Return only the lines of the data below from the line with "오징어 안쪽에 '파채" up to and including the line with "DR: koupelna/WC, vysoušeč", exactly as written, with the pictures omitted.

**DATA FOR PROCESSING:**
————
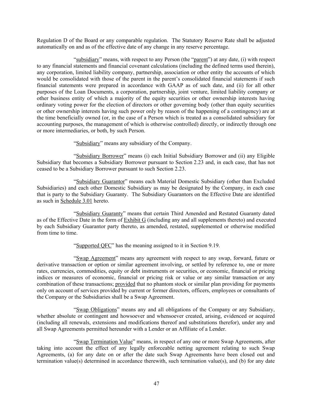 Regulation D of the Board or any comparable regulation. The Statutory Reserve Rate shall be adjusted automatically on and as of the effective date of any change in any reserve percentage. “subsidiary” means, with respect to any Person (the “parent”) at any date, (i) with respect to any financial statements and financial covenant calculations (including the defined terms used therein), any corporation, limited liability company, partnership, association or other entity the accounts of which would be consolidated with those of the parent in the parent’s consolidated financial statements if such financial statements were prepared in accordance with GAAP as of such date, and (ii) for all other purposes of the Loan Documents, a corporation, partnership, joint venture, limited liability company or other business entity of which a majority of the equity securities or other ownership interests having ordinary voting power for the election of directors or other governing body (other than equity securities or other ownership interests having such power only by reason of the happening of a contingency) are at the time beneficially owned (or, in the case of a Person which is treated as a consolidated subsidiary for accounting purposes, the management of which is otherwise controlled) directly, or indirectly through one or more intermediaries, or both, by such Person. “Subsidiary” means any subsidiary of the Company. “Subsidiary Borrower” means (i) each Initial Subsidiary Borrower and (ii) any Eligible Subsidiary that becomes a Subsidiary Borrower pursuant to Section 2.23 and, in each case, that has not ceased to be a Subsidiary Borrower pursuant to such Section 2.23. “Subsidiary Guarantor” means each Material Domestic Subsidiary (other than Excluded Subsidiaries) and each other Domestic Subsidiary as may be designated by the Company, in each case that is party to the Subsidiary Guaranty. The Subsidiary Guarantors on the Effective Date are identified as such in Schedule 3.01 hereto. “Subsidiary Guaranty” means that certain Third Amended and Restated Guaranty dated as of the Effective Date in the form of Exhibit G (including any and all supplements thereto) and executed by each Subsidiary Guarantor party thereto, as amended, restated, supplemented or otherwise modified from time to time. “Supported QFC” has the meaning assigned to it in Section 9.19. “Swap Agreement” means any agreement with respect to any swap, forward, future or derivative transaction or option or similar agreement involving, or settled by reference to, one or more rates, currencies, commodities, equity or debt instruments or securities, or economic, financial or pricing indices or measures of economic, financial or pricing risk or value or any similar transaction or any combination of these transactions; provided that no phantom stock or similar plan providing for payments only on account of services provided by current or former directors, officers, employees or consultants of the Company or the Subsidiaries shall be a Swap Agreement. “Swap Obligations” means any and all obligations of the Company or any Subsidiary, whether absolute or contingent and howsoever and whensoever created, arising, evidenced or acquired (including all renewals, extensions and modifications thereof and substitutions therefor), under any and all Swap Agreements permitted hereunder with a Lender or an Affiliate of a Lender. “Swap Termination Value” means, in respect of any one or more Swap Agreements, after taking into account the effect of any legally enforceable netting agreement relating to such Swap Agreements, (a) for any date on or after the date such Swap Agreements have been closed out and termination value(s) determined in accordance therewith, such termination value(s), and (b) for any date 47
————
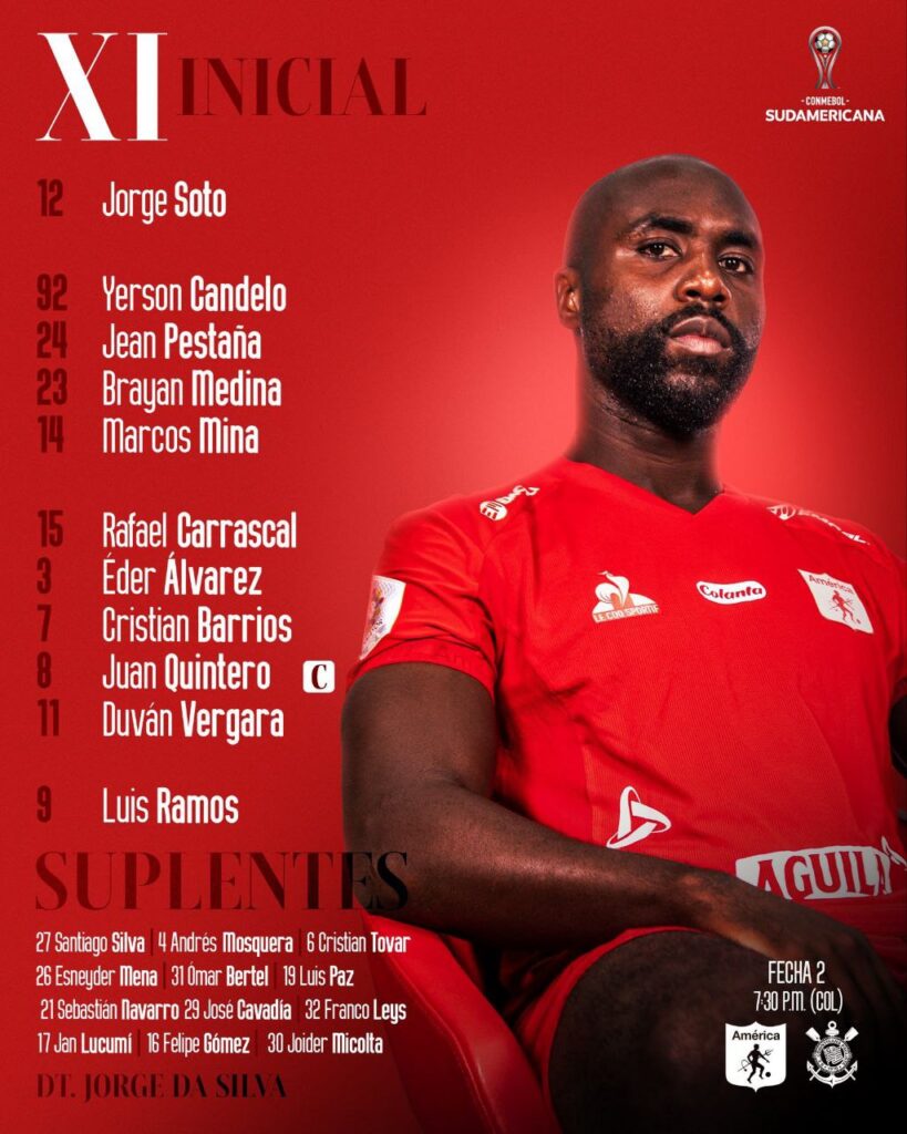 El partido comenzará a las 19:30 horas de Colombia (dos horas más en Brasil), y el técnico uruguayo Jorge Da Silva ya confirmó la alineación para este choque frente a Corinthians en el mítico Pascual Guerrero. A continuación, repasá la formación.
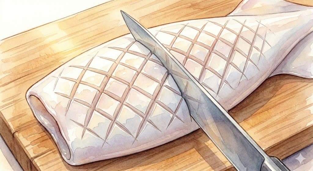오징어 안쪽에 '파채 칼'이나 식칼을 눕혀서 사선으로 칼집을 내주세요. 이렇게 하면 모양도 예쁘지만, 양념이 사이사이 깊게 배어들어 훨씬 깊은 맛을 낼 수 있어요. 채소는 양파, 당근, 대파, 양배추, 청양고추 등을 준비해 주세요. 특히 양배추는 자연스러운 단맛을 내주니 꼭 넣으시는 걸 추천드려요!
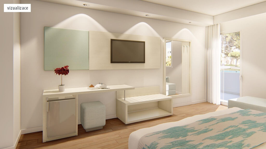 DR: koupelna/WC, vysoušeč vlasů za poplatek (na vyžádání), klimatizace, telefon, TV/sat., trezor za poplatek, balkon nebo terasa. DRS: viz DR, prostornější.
————
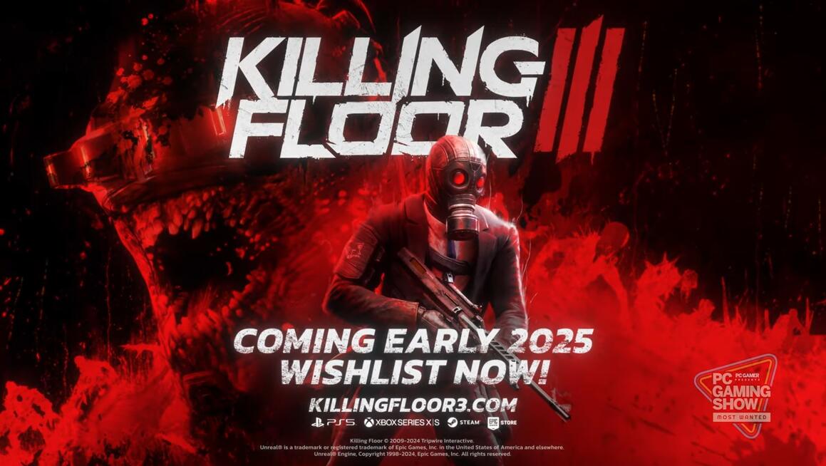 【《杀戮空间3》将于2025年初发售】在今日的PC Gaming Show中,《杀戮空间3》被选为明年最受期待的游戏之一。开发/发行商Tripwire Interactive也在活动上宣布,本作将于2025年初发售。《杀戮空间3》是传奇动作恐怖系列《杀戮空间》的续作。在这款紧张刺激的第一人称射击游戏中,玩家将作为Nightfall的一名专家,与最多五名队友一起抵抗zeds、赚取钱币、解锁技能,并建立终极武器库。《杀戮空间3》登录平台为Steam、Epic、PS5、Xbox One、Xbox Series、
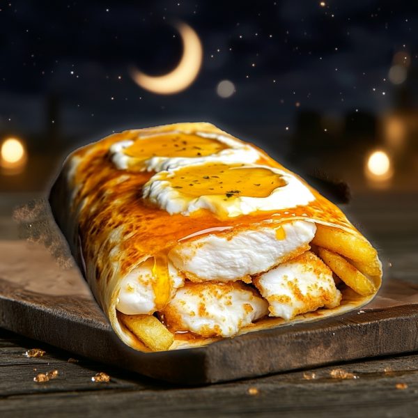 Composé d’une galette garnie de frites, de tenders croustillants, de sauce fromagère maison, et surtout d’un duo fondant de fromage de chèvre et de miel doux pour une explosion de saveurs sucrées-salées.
————
**ANSWER SPACE:**
오징어 안쪽에 '파채 칼'이나 식칼을 눕혀서 사선으로 칼집을 내주세요. 이렇게 하면 모양도 예쁘지만, 양념이 사이사이 깊게 배어들어 훨씬 깊은 맛을 낼 수 있어요. 채소는 양파, 당근, 대파, 양배추, 청양고추 등을 준비해 주세요. 특히 양배추는 자연스러운 단맛을 내주니 꼭 넣으시는 걸 추천드려요!
 DR: koupelna/WC, vysoušeč vlasů za poplatek (na vyžádání), klimatizace, telefon, TV/sat., trezor za poplatek, balkon nebo terasa. DRS: viz DR, prostornější.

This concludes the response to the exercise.